Jamie Bishop was dear to friends of mine. The Jamie Bishop and Jocelyne Couture-Nowak Scholarships will be awarded annually to German and French majors at Virginia Tech. Donations may be made payable to the Virginia Tech Foundation for the Jamie Bishop Scholarship (for German Majors) or the Jocelyne Couture-Nowak Scholarship (for French majors):

Virginia Tech Foundation
University Development
902 Prices Fork Road
Blacksburg, VA 24061


Radin said...

The real problem starts when some people as well as some doctors think medication is a cure. But as a matter of experience (in my own case of Bipolar disorder) medication and its doses should be just a helping hand for us to help ourselves. Even in cases like Bipolar where a life time medication is recommended, parallel to that the person must be helped to deal with his/her problem and bring down the medication to its lowest dosage as possible. Medication may pin the person down for sometime but it is not the cure. When you use a drug for your depression too long or in high dosage you will sure experience deeper depression next time. It will be like what drug addicts face.
It is most appreciated how deeply you are concerned about your students problems as a teacher but sticking to your establishment rules is a s far as you can go and dealing with their problems as individuals is better done with the help of a professional.

Dr. Lisa said...

Thank you for sharing your experience. Your thoughts are much appreciated.

Some said...

Anecdote: while in an intro anthropolgy class, UCLA, I failed my midterm. As in, there was an F on the test which counted for about 35% of my final grade. I was one of two students who failed, out of a class of oh, 500.

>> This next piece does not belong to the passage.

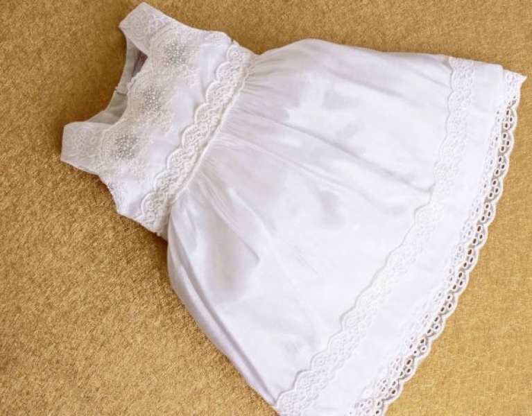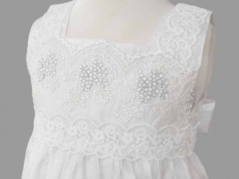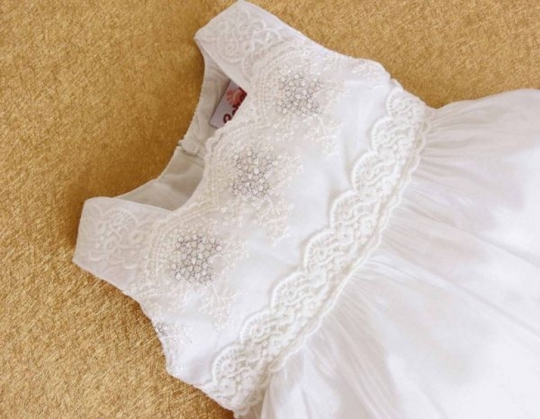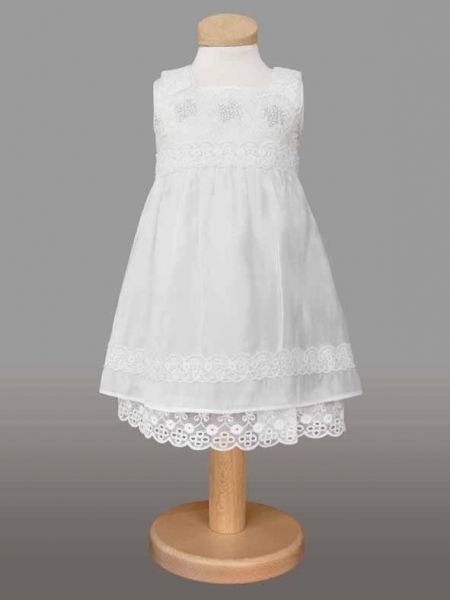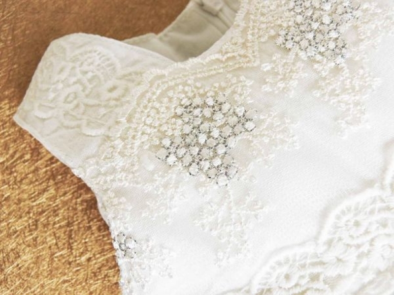 O rochita alba cu bretele late si broderie in parte de sus si de jos.

I decided that I should start going to my discussion section instead of skipping it. The TA was surprised to see me. I said my mom was remarrying, I was gone for something or other, blah blah blah; all were just excuses to explain away my own laziness and ego into thinking I could ace the class simply because my friend Brent, sitting next to me in lecture, knew all the answers.

Anyway, the TA handed out these flyers for Student Health/Psych services, said if there was any issues, to go talk to someone. This was in a discussion class of like, five people. He didn't mention names, but I know I was the one he meant it for. I didn't go, of course, but instead studied my ass off for the final. I really, really thought I aced it, but ended up with a B- (or a C+, maybe?) in the class. Point of it was that I appreciated the TA's gesture in hindsight, but at the time, I was thoroughly embarrassed that he took my sad excuse seriously.

That doesn't help you at all, does it?

Maybe handing out the student psych brochures to the whole class just before/after a midterm as a habit? It sort of invites anyone who thinks they need to say something to say something, or at least reminds the students that help is available.

And not leave the flyers at the door, I mean, hand them out.